How to reverse digits of integer?

Question

public static int reverse(int n) {
    int result = 0;
    while (n > 0) {
        result = result * 10 + n % 10;
        n = n / 10;
    }
    return result;
}

I'm trying to reverse the digits of integer. Instead of doing the codes like what I have done, is there any other way to do it? Can i reverse it using java stream?

Answer 1

Another way would be

int digits = 12345;
StringBuilder buf = new StringBuilder(String.valueOf(digits));
System.out.println(buf.reverse());
System.out.println(Integer.valueOf(buf.toString()));

Answer 2

OK, here's a fun implementation with IntStream:

public static int reverse (int n) {
     return IntStream.iterate (n, i -> i/10) // produces a infinite IntStream of n, n/10, 
                                             // n/100, ...
                     .limit(10) // 10 elements are sufficient, since int has <= 10 digits
                     .filter (i -> i > 0) // remove any trailing 0 elements
                     .map(i -> i % 10) // produce an IntStream of the digits in reversed 
                                       // order
                     .reduce (0, (r,i) -> r*10 + i); // reduce the reversed digits back
                                                     // to an int
}

For example, for the input 123456789, it will first generate the infinite IntStream:

123456789,12345678,1234567,123456,12345,1234,123,12,1,0,0,...

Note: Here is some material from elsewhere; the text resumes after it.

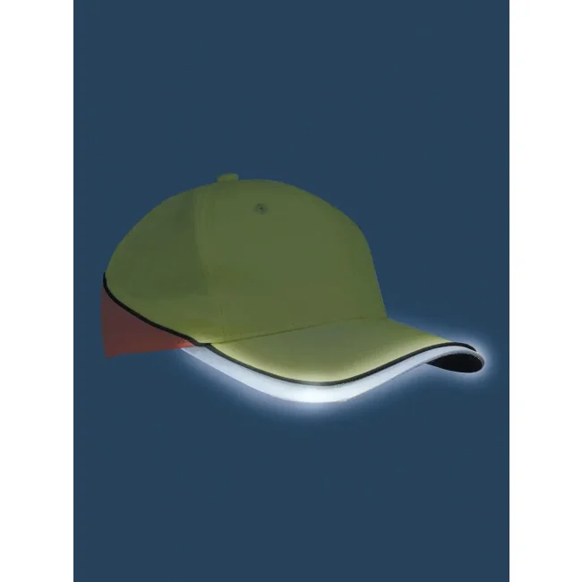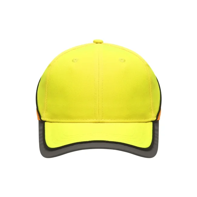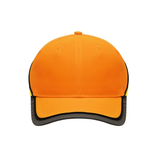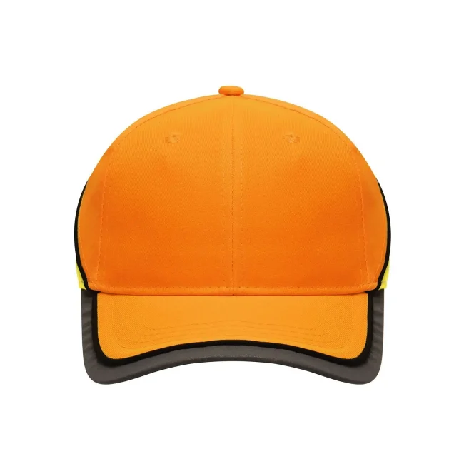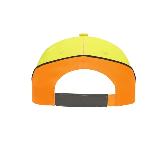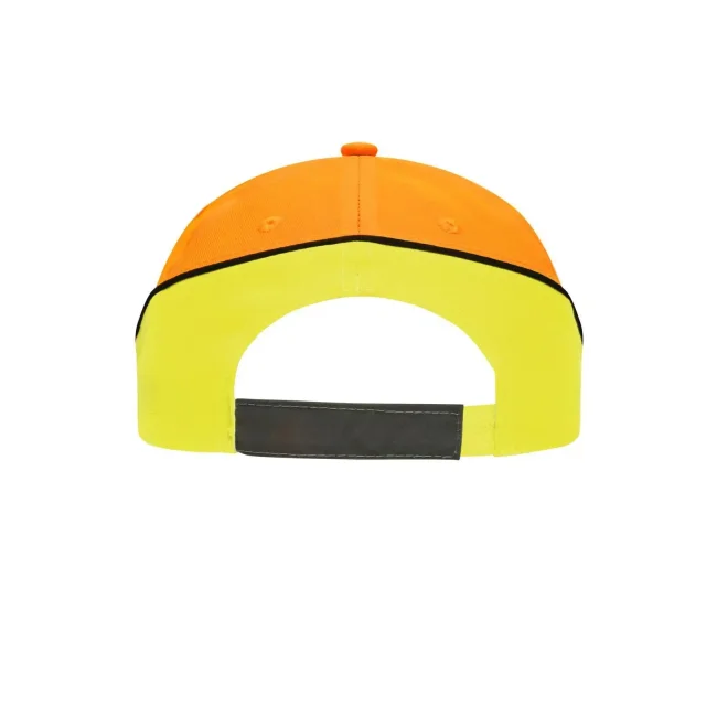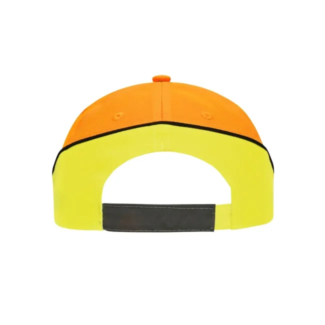 100% poliammide. Cap funzionale a 6 pannelli in colori accesi catarifrangente 2 fori traspiranti imbastiti , 4 cuciture sulla visiera, Cucitura decorativa intorno al cap, Pannelli frontali laminati, Fascetta tergisudore imbottita in satin, Chiusura in velcro e bordino intorno alla visiera catarifrangente conforme. Velcro, policromo, Safety

After limiting to 10 elements and removing the 0s, we are left with:

123456789,12345678,1234567,123456,12345,1234,123,12,1

After mapping each element to its last digit, we get:

9,8,7,6,5,4,3,2,1

Now we just have to reduce the IntStream in a manner similar to what you did in your question - add each element to the intermediate result multiplied by 10:

((((0 * 10 + 9) * 10 + 8) * 10 + 7) * 10 ....) * 10 + 1

Note that if the input number has 10 digits and the last digit > 1, the reversed result will overflow.

It also doesn't support negative input.